**Task details**.
Copy every line of the entries that has the string "Long" in it.

**Record set**.
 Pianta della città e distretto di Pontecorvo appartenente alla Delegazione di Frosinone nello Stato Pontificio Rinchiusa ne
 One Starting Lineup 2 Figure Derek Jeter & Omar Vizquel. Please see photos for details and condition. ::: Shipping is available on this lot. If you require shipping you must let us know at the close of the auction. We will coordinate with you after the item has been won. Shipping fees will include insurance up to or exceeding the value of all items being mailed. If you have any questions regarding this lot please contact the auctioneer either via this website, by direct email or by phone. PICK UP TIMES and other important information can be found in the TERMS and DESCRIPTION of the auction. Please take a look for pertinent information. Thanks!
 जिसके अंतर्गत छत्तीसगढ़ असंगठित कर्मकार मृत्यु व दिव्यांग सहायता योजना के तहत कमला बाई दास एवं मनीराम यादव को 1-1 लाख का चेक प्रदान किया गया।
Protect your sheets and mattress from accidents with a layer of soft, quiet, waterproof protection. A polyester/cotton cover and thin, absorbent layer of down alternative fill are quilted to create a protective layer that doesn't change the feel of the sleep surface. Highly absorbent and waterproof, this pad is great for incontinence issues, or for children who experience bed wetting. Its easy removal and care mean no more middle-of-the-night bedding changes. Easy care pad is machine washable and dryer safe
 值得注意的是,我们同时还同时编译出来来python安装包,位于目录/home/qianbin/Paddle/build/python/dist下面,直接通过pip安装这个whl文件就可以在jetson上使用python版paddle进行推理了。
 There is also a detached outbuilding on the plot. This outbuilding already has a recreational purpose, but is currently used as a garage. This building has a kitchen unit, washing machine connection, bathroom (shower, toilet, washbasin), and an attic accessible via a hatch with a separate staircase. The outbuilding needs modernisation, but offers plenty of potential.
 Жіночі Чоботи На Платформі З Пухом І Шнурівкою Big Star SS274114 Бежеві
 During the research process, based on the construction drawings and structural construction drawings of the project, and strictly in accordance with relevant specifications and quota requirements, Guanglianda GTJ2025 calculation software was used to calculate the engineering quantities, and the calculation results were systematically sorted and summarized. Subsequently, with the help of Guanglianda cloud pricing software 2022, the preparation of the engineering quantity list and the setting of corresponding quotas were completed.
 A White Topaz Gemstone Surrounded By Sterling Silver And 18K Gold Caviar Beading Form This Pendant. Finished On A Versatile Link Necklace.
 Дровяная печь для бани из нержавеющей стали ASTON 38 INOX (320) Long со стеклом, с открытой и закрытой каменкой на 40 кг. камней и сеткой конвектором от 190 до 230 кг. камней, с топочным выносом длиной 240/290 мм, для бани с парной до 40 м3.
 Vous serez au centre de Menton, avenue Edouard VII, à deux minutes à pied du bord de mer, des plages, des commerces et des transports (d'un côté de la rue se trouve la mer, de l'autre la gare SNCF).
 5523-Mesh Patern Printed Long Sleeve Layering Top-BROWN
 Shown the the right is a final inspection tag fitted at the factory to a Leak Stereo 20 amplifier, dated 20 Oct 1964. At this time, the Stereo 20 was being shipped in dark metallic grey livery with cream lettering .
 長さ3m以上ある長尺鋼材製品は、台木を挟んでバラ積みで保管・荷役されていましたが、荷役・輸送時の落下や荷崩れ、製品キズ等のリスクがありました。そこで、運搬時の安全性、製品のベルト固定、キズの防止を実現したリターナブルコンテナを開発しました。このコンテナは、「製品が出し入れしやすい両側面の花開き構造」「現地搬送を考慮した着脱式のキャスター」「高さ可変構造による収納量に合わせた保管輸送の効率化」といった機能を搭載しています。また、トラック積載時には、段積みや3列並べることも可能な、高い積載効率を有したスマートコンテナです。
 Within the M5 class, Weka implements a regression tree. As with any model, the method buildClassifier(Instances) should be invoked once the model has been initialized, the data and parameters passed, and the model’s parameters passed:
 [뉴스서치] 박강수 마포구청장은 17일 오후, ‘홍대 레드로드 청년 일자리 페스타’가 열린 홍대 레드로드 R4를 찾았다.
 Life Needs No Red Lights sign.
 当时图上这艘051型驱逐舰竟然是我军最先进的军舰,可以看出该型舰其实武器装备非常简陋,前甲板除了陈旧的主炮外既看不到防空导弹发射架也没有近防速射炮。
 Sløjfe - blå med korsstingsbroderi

**Result of the task**.
 Дровяная печь для бани из нержавеющей стали ASTON 38 INOX (320) Long со стеклом, с открытой и закрытой каменкой на 40 кг. камней и сеткой конвектором от 190 до 230 кг. камней, с топочным выносом длиной 240/290 мм, для бани с парной до 40 м3.
 5523-Mesh Patern Printed Long Sleeve Layering Top-BROWN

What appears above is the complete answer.